*Information supplied*:
------------------------------------------------------------

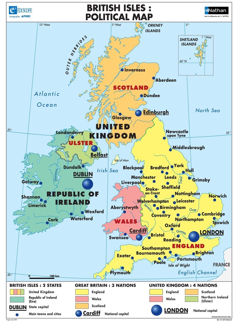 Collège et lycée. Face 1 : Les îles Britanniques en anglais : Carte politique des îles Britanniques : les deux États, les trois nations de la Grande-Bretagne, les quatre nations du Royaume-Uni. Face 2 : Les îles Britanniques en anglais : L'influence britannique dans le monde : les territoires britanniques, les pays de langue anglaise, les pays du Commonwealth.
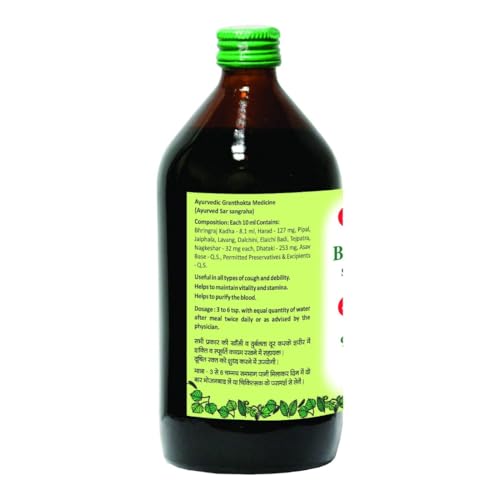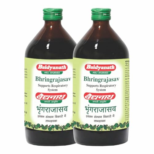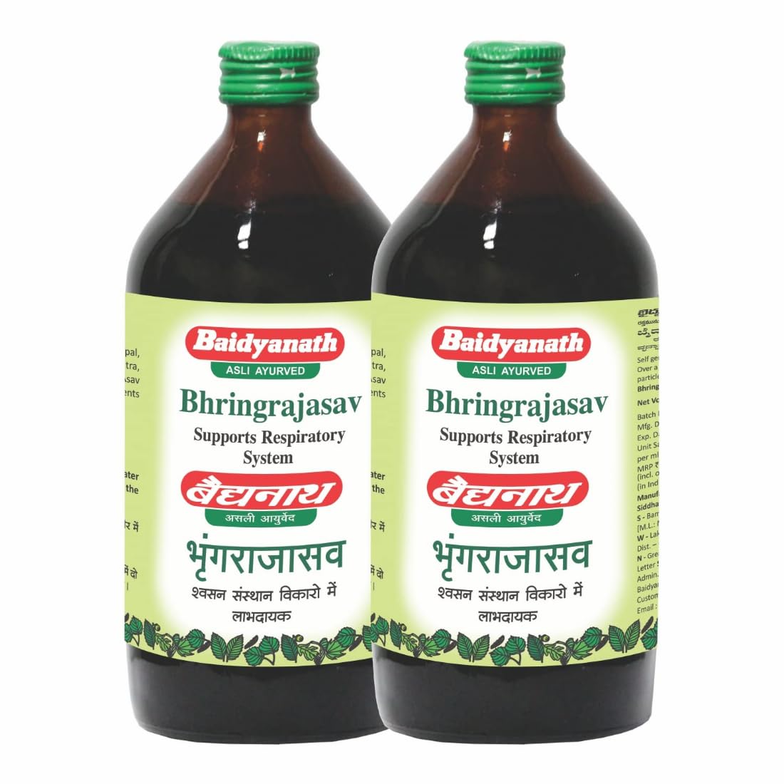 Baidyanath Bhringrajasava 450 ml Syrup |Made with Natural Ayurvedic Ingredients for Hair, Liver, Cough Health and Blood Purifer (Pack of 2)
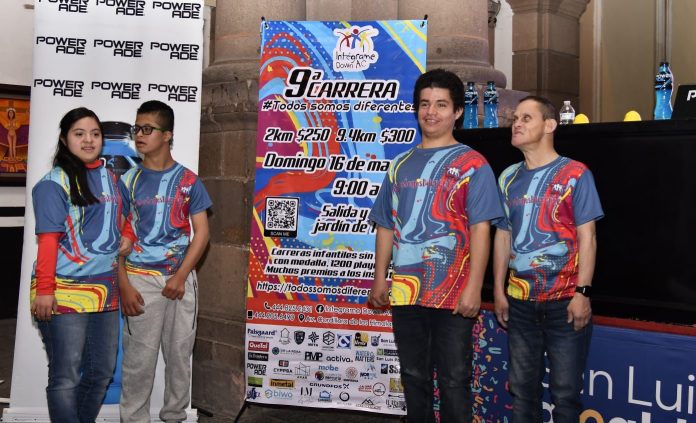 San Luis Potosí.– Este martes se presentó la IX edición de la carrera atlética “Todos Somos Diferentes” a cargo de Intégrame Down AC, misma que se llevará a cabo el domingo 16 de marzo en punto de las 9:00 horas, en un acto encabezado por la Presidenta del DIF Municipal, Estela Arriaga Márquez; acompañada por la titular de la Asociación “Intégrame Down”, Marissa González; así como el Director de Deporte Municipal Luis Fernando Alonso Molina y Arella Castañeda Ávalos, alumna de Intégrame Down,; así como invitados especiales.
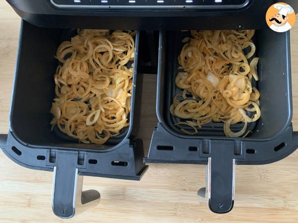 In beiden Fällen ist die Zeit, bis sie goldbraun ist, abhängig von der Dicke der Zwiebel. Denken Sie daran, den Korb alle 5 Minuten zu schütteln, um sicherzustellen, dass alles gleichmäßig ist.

------------------------------------------------------------

*Work to be completed*:
Reproduce the full listing above verbatim, with no pictures included.

*Solution for this task*:
 Collège et lycée. Face 1 : Les îles Britanniques en anglais : Carte politique des îles Britanniques : les deux États, les trois nations de la Grande-Bretagne, les quatre nations du Royaume-Uni. Face 2 : Les îles Britanniques en anglais : L'influence britannique dans le monde : les territoires britanniques, les pays de langue anglaise, les pays du Commonwealth.
 Baidyanath Bhringrajasava 450 ml Syrup |Made with Natural Ayurvedic Ingredients for Hair, Liver, Cough Health and Blood Purifer (Pack of 2)
 San Luis Potosí.– Este martes se presentó la IX edición de la carrera atlética “Todos Somos Diferentes” a cargo de Intégrame Down AC, misma que se llevará a cabo el domingo 16 de marzo en punto de las 9:00 horas, en un acto encabezado por la Presidenta del DIF Municipal, Estela Arriaga Márquez; acompañada por la titular de la Asociación “Intégrame Down”, Marissa González; así como el Director de Deporte Municipal Luis Fernando Alonso Molina y Arella Castañeda Ávalos, alumna de Intégrame Down,; así como invitados especiales.
 In beiden Fällen ist die Zeit, bis sie goldbraun ist, abhängig von der Dicke der Zwiebel. Denken Sie daran, den Korb alle 5 Minuten zu schütteln, um sicherzustellen, dass alles gleichmäßig ist.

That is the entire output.